# Firebrick for '79 Everex Berkshire wood stove 13.5 x 4.25 x 1.5



## Pete Petrosky (Mar 2, 2013)

I have this model stove, but the back 6 firebricks have been broken, Where can I find this odd ball size brick? Everex has gone under it looks like. thanks Pete


----------



## Woody Stover (Mar 2, 2013)

Welcome, Pete. 
Standard is 4.5 x 9. Some of the bricks on the bottom of the Buck 91 were held in place with silicone caulk (1000* stuff, I assume.) Maybe you could lay a brick on its side across the top of two bricks on end and silicone them in? I have no idea if this would work; More knowledgeable folks will be along shortly.
I _am_ seeing some 13.5 x 4.5 bricks in a google search...


----------



## EatenByLimestone (Mar 2, 2013)

http://www.rumford.com/store/fbslabs.html

It looks like you'll have to cut it down.  I've cut them with an angle grinder and with a tile saw.  

Matt


----------



## Pete Petrosky (Mar 3, 2013)

OK next question, what is the grate area up in the back of the stove up toward the flu exit? It looks like there is a place to set a grate or something but, that part did not come with the stove and it looks like the manufacture is out of business. As for the firebrick I think I have found a less expensive solution , I will use standard 9 in brick then lay one across the top IE 4.5 + 9 = 13.5 , not that a one or a two piece brick setup would be any better or worse , but that using the standard brick will be quite less expensive and I can pick them up locally.


----------



## EatenByLimestone (Mar 3, 2013)

Yup, standard bricks cost less than $3 each at the local concrete yard.

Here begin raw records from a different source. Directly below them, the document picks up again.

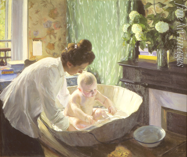 Blumen, Morgen, Licht, Tageszeiten, Baden, Glück, Russland, Zärtlichkeit, Mutterschaft, Mutterliebe, Mutter und Kind, Bad, Interieur, Familienleben, Kind, Schüssel, Blumenstrauss, Mutter, Alltag, Genreszene, Bouquet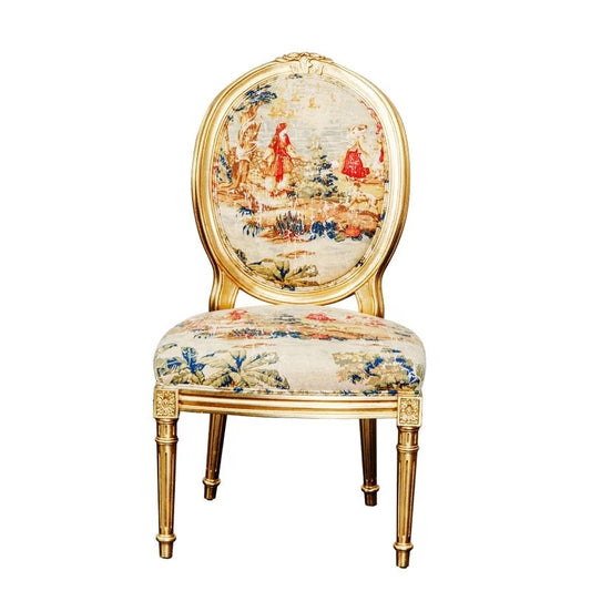 Antique Baroque Dining Chair - Birch Wood, American Cloth, Chair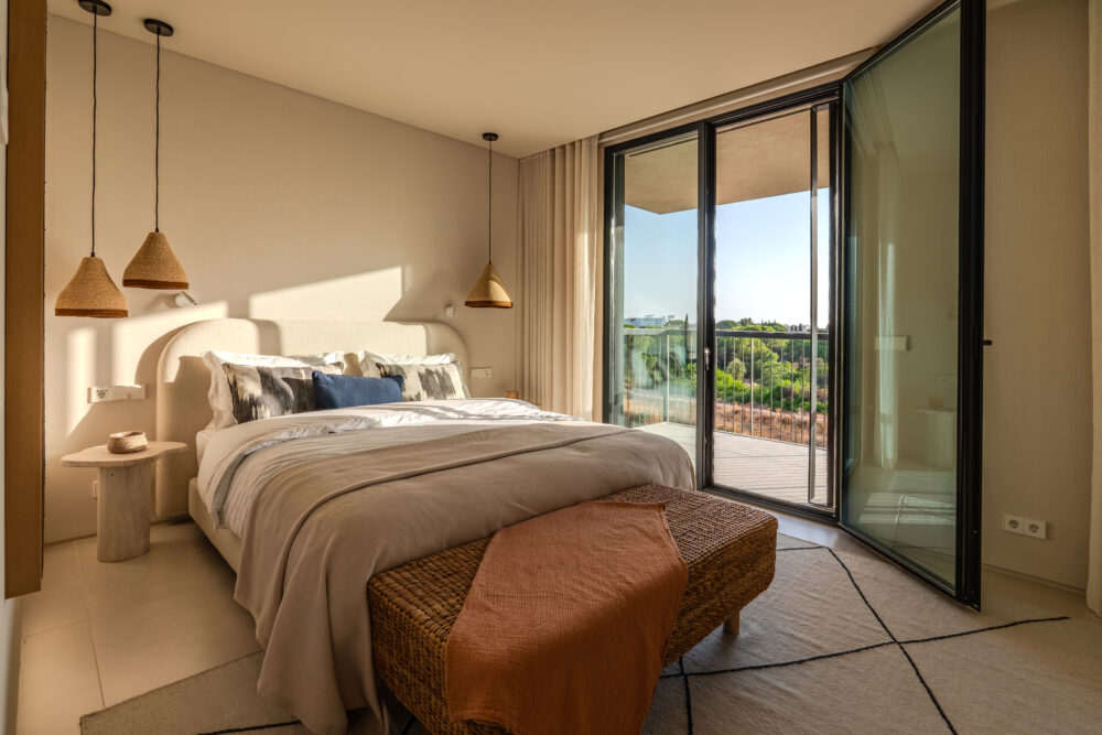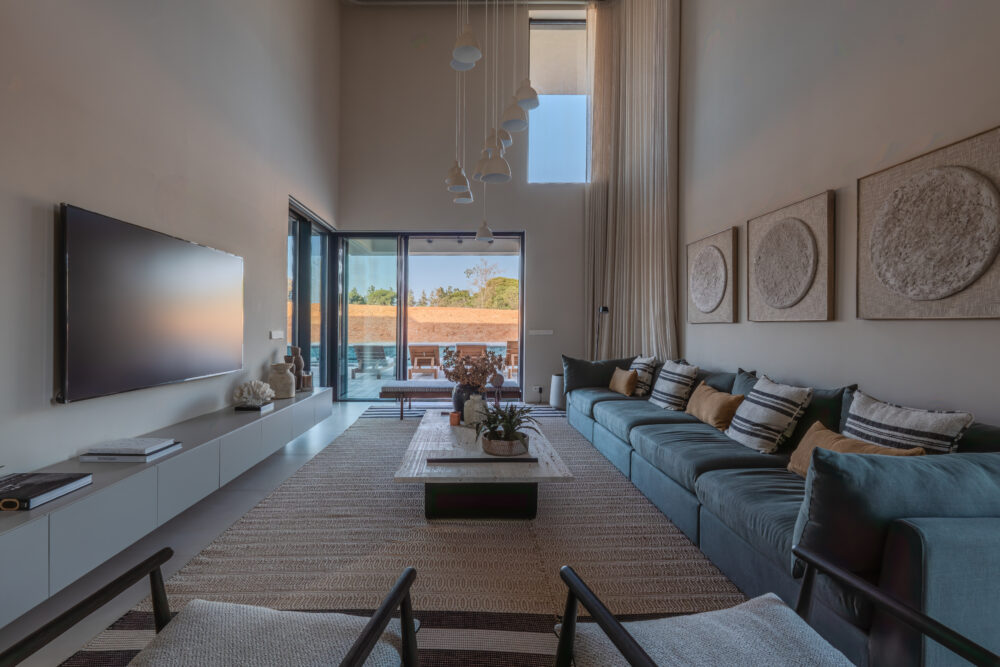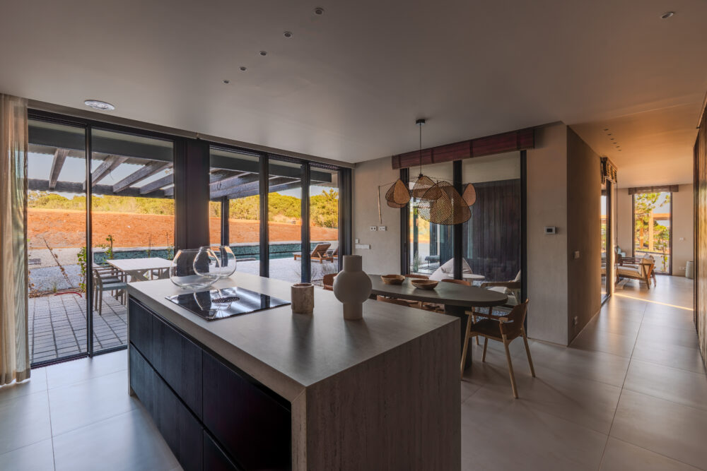The Sand Villa pairs minimalist design with soft tones and bold architecture, featuring sloped gardens that create a seamless, immersive connection to nature.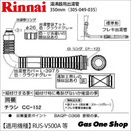 リンナイ 湯沸器用 出湯管 350mm Ru 0191 305 049 035 Rus V500a用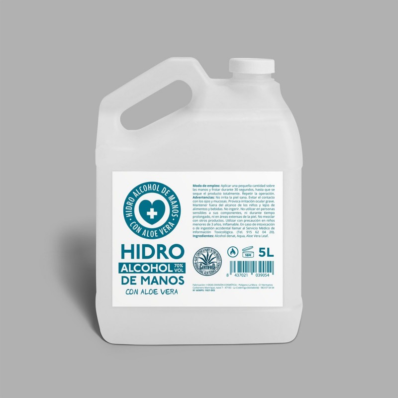 • Solución hidroalcohólica líquida, exclusivamente con etanol 96º y aloe vera con certificados ecológicos regional y europeo. • Producto totalmente natural. • Nuestra solución no sólo garantiza el 70% de volumen en alcohol y la máxima eficacia, sino también la posibilidad de que sea pulverizada, lo que facilita su aplicación dérmica y/o en guantes u otras superficies. • Garrafa de 5 litros. Alcohol denat, agua, extracto de Aloe Vera

I'm going to guess that the bracket holds a baffle.  If you have any pics it would be easier to say.  Some baffles are a plate of heavy steel, some are ceramic, and some are firebrick.

Matt


----------



## Pete Petrosky (Mar 3, 2013)

OK its a iron plate so it must have fallen down when the accident happened , thank you now, my chimney pipe hole is on other side and up only a few feet from stove exit (3 feet) the distance around to the hole is almost 8 feet an will require 5 elbows , my question is , will I get enough updraft or will i need a low speed exhaust motor as well?


----------



## EatenByLimestone (Mar 3, 2013)

8 feet of pipe in a 3 foot rise sounds like a tough sell, especially if you have lots of elbows as they cut down the draft severely.  If you have an extremely tall chimney you MAY be able to get away with it.  I wouldn't bet on it though.  A big problem with long horizontal runs is the lack of support and that pesky gravity.  I wouldn't trust the joints even though they are screwed together.  Lots of elbows gives me more cause for concern.  I saw a post on another board where an swivel elbow came apart at the seam with a full load of wood in the stove.  That's not something I ever want to experience and long runs put a lot of stress on a very weak elbow.

Matt


----------



## begreen (Mar 3, 2013)

Pete Petrosky said:


> OK its a iron plate so it must have fallen down when the accident happened , thank you now, my chimney pipe hole is on other side and up only a few feet from stove exit (3 feet) the distance around to the hole is almost 8 feet an will require 5 elbows , my question is , will I get enough updraft or will i need a low speed exhaust motor as well?


 
That sounds like it might be a flame deflecting baffle. It lengthens the flame path. Some stove introduce air at this turn around via a separate air control. Not sure on your stove. Can you post some pictures of inside and out?


----------



## rwhite (Mar 3, 2013)

If you do have to cut them a masonry blade in a chop saw, miter saw or skil saw will work. Soak the bricks in water for 1/2 hour or so and you won't have any dust.


----------



## EatenByLimestone (Mar 3, 2013)

Be careful heating any rock or block that you know has been sitting in water.  Any water trapped inside will turn to steam and if it can't find it's way out fast enough the energy really builds up.  Rocks have been known to explode.  This is the same principle that makes geysers happen instead of hot springs.  The opening on a hot spring is large enough that pressure does not build up when the water is heated.  In a geyser water isn't able to expand and turns to steam that is forced out of a small opening.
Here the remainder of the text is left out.